On November 13, 1991 the second respondent sent a cheque
for a sum of Rs. 20 lakhs and on November 15, 1991 the appellant forwarded to the
second respondent 15 applications for purchase of shares on buy-back basis. A
resolution was made on November
15, 1991 at the
meeting of the Board of Directors of the appellant to allot and issue shares to
the investors and to complete formality and physical allotment in due course.
On November 23, 191 the appellant sent to the second
respondent application forms so that they may be filled up by its clients. The
claim put forth by the appellant is that they had allotted shares to the second
respondent and that they had forwarded to the second respondent the
certificates for 2 lakh shares. But the second respondent claimed that no such
share certificates were ever forwarded by the appellant to them and their claim
is that no allotment had been made at all. It was argued before the Special
Court that in the background that the allotment had been accepted by the
Custodian in letter dated March 28, 1994 and, therefore, the only claim of the
Custodian can now be in respect of the share certificates and that Rs. 20 lakhs
have been paid towards subscription for shares, the Custodian cannot now claim
back the same.
The Special Court rejected this contention. The Special Court came to the conclusion that there
has been no allotment of shares at all inasmuch as there can be no allotment of
shares in blank and in the copies of the share certificates produced before the
Special Court no names have been entered. No
application had been filed by the second respondent in terms of Section 41(2)

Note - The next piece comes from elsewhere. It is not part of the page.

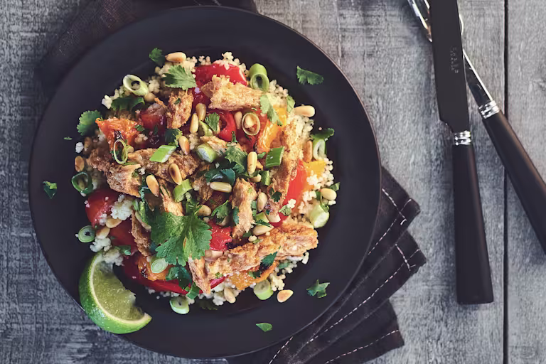 Filets de Quorn sauce teriyaki pour barbecue et Bol du Bouddha à l’ananas

of the Companies Act agreeing to become a member of the company and his name be
entered in the Register of Members. On examination of the Register of Members,
the Special Court found that there were certain
suspicious circumstances which clearly indicated the fact that the second
respondent had never made an application in writing for allotment of shares.
The Special Court further examined the matter with reference to the distinctive
numbers of the shares which revealed a lot of suspicion to the effect that
their names in the Register of Members were made sometime after the letter was
sent by the Custodian only to over-come the difficulty of an application being
made by him and long after the second respondent was notified. Therefore, the
allotment is purportedly to be made in his name without any application in
writing and only with a view not to return the money belonging to the notified
party. Further, there is no intimation to the Registrar of Companies either for
filing a return of the statement stating the number, the nominal amount of the
shares, the names, addresses, occupation of the allotees and the amounts, if
any, paid or due and payable on each share.
Thus
on the basis of these circumstances and certain other attendant circumstances,
the Special Court came to the conclusion that there was no allotment of shares
and it is not now open to the appellant to make such an allotment of shares
and, therefore, it directed the repayment of the sum of Rs. 20 lakhs with
interest. Alternatively, the Special Court
held that the sale/purchase of shares was on a buy-back basis and it was only
an arrangement for financing and even on that basis the price must be the
original price plus some amount for interest at a reasonable rate and that must
be repaid. In conclusion, the Special Court
directed the appellant to pay the Custodian for and on behalf of the second
respondent a sum of Rs. 20 lakhs together with interest thereon @ 18% per annum
from November 13, 1991 till payment. Challenging this
order several grounds have been raised in the appeal but at the time of hearing
only two contentions are put forth before us by the learned counsel for the appellant.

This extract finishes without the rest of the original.